Analysis of infection status

  • So far, spreading of infection has mainly been observed in metropolitan areas; however, it has also been observed in local regions. In the past 1 week, approximately 20% of all infected persons were in Tokyo and nearly 15% were in Osaka. The infected persons in these 2 areas account for 1/3rd of all persons infected in Japan. Furthermore, the infected persons in Hokkaido, Saitama, Chiba, Tokyo, Kanagawa, Aichi, Kyoto, Osaka, and Hyogo account for approximately 75% of all infected persons in Japan. Firstly, the infection continues/spreads in places with a large population, and then spreads to local regions. It becomes difficult to control the infection in local regions if the infection in large cities is not controlled. It is necessary to immediately suppress the spreading and continuation of the infection in large cities and to prevent the spread of infection in local regions.
  • In recent cases of spreading of the infection, clusters related to restaurants or nightclubs serving food and drinks and hospitality services, which have been used for year-end parties, are increasing, especially in local regions. Scenes of eating and drinking have already been identified as places where the infection spread, also outside Japan. As seen in Materials 2-3 of the Advisory Board dated December 3, it is reported that restaurants are places with a high risk of infection (Chang S, et al., Nature 2020). In Sapporo, it has been suggested that shortening of business hours in entertainment districts to finish earlier may reduce infections. On the other hand, it is difficult to trace a link in large cities such as Tokyo because many unspecified people visit restaurants, and it is difficult to identify them as the infection sources. Therefore, such places may be involved in continuation of infection.

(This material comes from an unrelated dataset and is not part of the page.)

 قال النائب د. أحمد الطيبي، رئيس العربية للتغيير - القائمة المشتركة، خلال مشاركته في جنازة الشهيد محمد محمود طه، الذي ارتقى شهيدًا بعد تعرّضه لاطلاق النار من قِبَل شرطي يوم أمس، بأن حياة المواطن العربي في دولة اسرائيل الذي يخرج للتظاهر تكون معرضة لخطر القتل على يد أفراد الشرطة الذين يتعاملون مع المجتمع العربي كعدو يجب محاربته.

  • There are also more cases of infection among people in their 20s-50s who are active in social activities such as eating and drinking compared to those in other age groups. Since these age groups often do not exhibit any symptoms or only mild symptoms, even when infected, they have spread the infection unintentionally, and this spread is considered to have caused infections at home, and in medical institutions and facilities for elderly people, leading to the increase in severe patients.

Necessary measures

  • Various measures have already been taken in regions where the infection has spread. If the infection status does not improve, it is necessary to discuss strengthening of the efforts to prevent the spread of infection, including coverage of a request to shorten the business hours of restaurants serving alcoholic beverages.
  • Infections have also occurred in regions where large-scale spreading of the infection has not yet been reported. The medical care provision system may deteriorate rapidly in regions where the system is relatively weak and rapid spreading of infection can occur, and it is therefore necessary to immediately prepare/secure the medical care provision system, including accommodation facilities.

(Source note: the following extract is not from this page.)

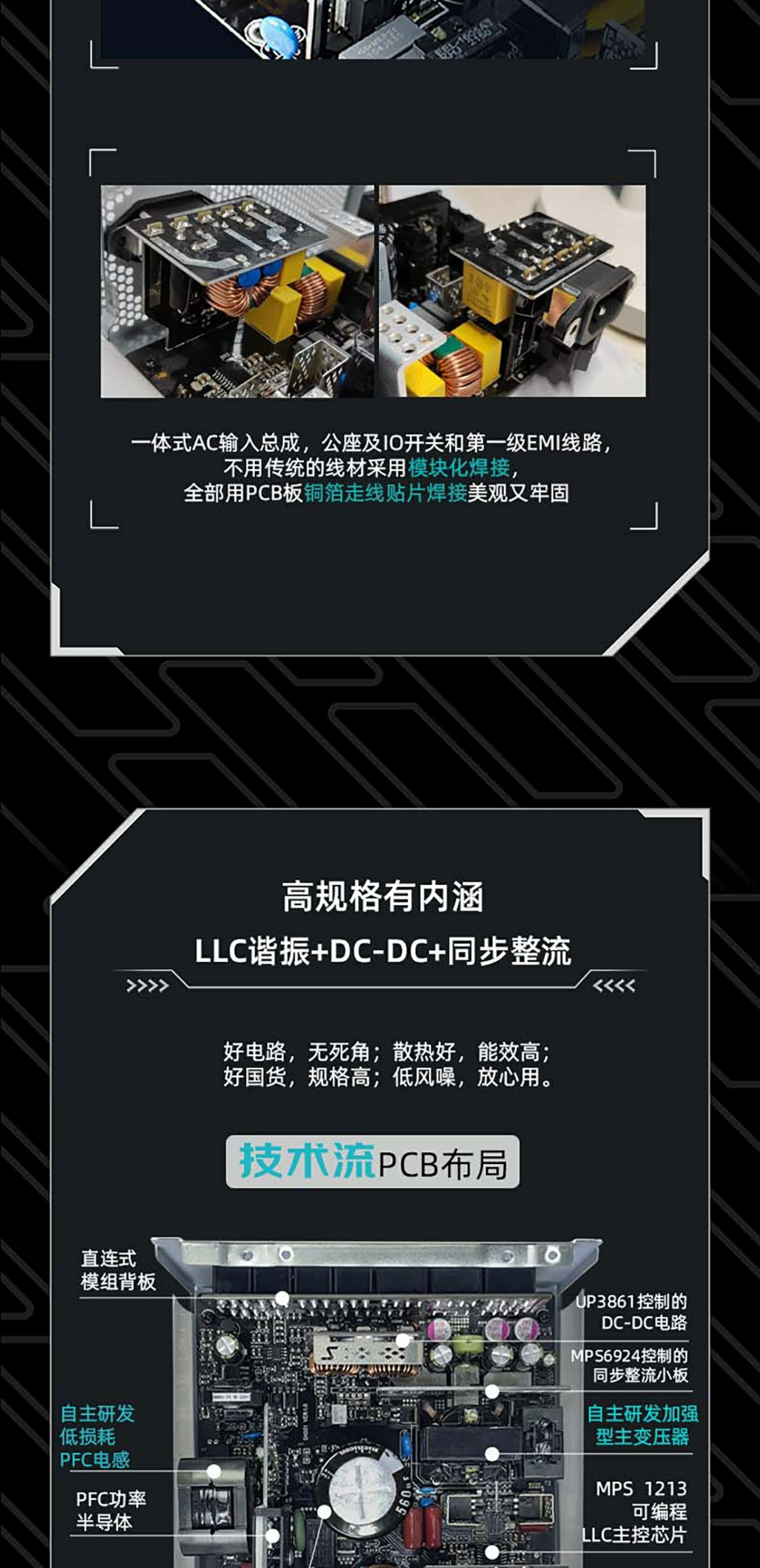 ?LLC主功率管采用纯铜镀锡铜片三面立体式散热设计--自主研发技术核心,提高电源的转换效率。

  • Increased infections during the New Year holiday season may lead to a crisis of the entire medical care provision system. Prompt implementation of appropriate measures based on the infection status and the preparation for measures are required. It is also necessary for citizens to spend their time quietly during the New Year holidays to avoid causing the spreading of the infection at New Year parties, end-of-year parties, and homecoming visits. Appropriate messages to citizens are required.
  • Based on the previous recommendations from the Subcommittee to the government, the discussion at the government headquarters on December 14 presented the efforts to strengthen the preventive measures throughout the beginning of the new year. It is necessary to carefully monitor the effects of these efforts and promote the evaluation and analysis of the infection status. Based on these, necessary measures should be considered if such efforts are found to be insufficient.